_WHAT YOU SHOULD DO_
The answer must consist solely of the lines from the one with "polyurethane/waterglass grouting material" through the last line of the data, copied exactly, with no pictures.

_STORED DATA_
====

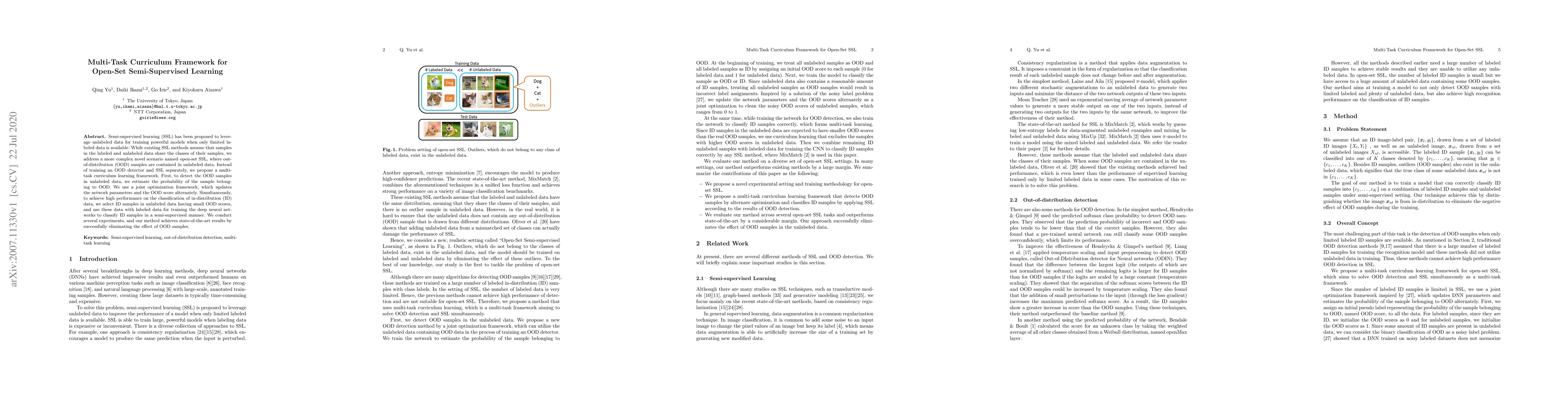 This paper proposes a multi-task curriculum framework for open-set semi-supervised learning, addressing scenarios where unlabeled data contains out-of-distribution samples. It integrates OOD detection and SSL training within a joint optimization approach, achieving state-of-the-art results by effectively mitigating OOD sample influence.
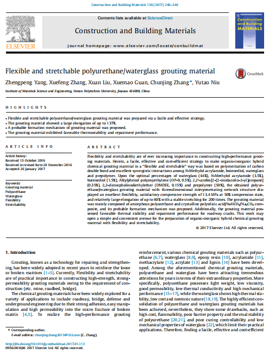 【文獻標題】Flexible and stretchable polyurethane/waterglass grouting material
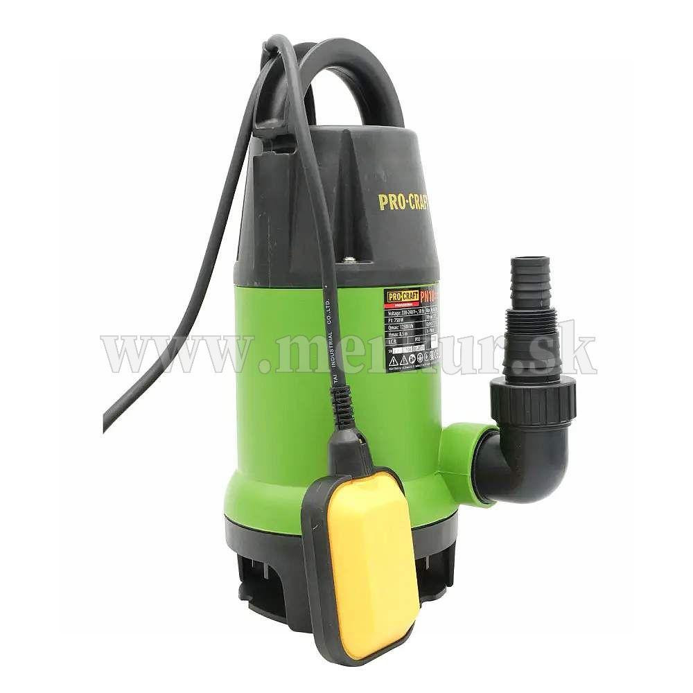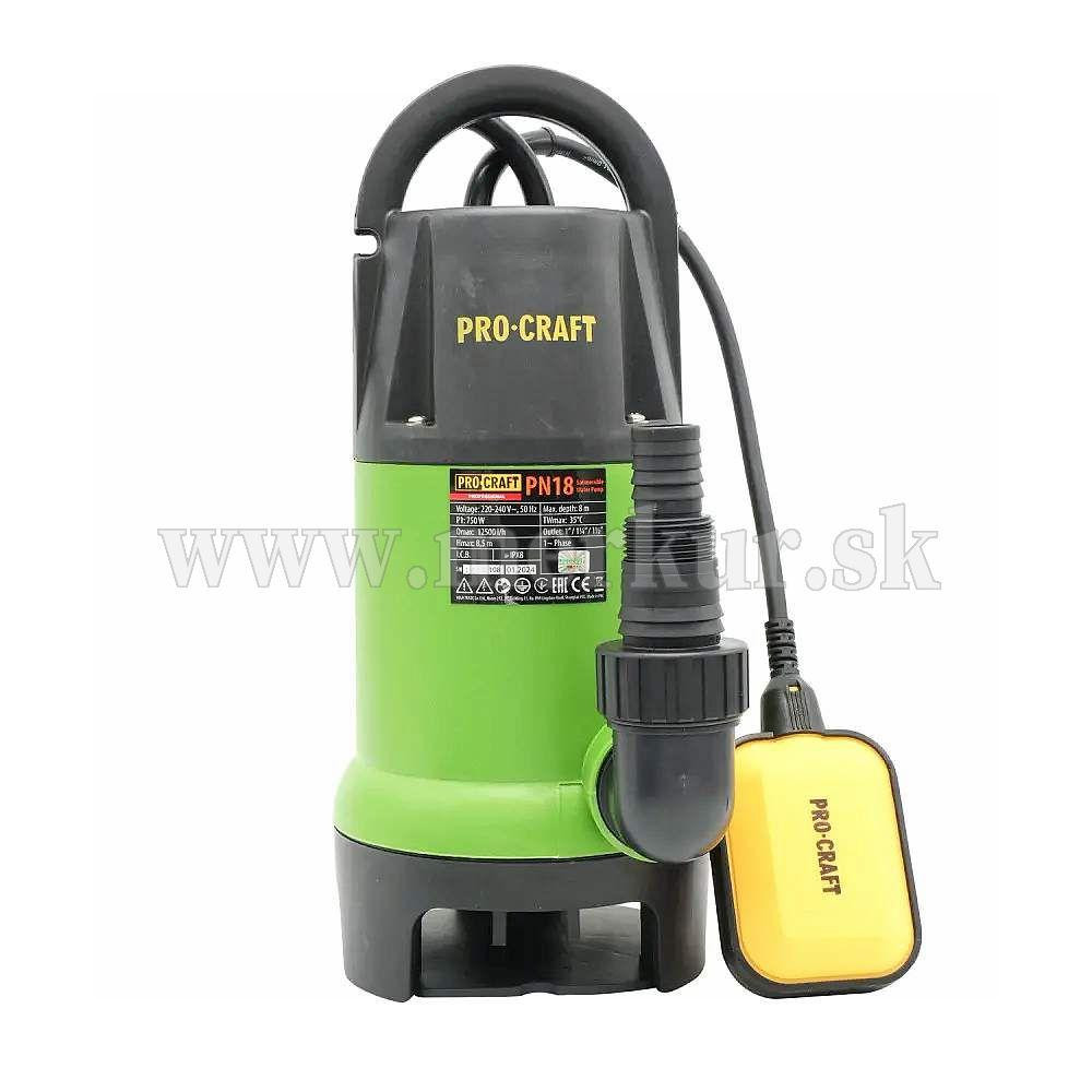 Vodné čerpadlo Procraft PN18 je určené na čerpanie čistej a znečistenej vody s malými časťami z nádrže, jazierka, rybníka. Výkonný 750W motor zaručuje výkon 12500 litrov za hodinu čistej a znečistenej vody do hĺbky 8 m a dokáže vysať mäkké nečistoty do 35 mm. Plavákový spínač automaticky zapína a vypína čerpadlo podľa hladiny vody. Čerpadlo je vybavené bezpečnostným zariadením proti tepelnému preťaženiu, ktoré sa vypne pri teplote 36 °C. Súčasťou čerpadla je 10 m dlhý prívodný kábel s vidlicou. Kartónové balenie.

====

_TASK RESPONSE_
 【文獻標題】Flexible and stretchable polyurethane/waterglass grouting material
 Vodné čerpadlo Procraft PN18 je určené na čerpanie čistej a znečistenej vody s malými časťami z nádrže, jazierka, rybníka. Výkonný 750W motor zaručuje výkon 12500 litrov za hodinu čistej a znečistenej vody do hĺbky 8 m a dokáže vysať mäkké nečistoty do 35 mm. Plavákový spínač automaticky zapína a vypína čerpadlo podľa hladiny vody. Čerpadlo je vybavené bezpečnostným zariadením proti tepelnému preťaženiu, ktoré sa vypne pri teplote 36 °C. Súčasťou čerpadla je 10 m dlhý prívodný kábel s vidlicou. Kartónové balenie.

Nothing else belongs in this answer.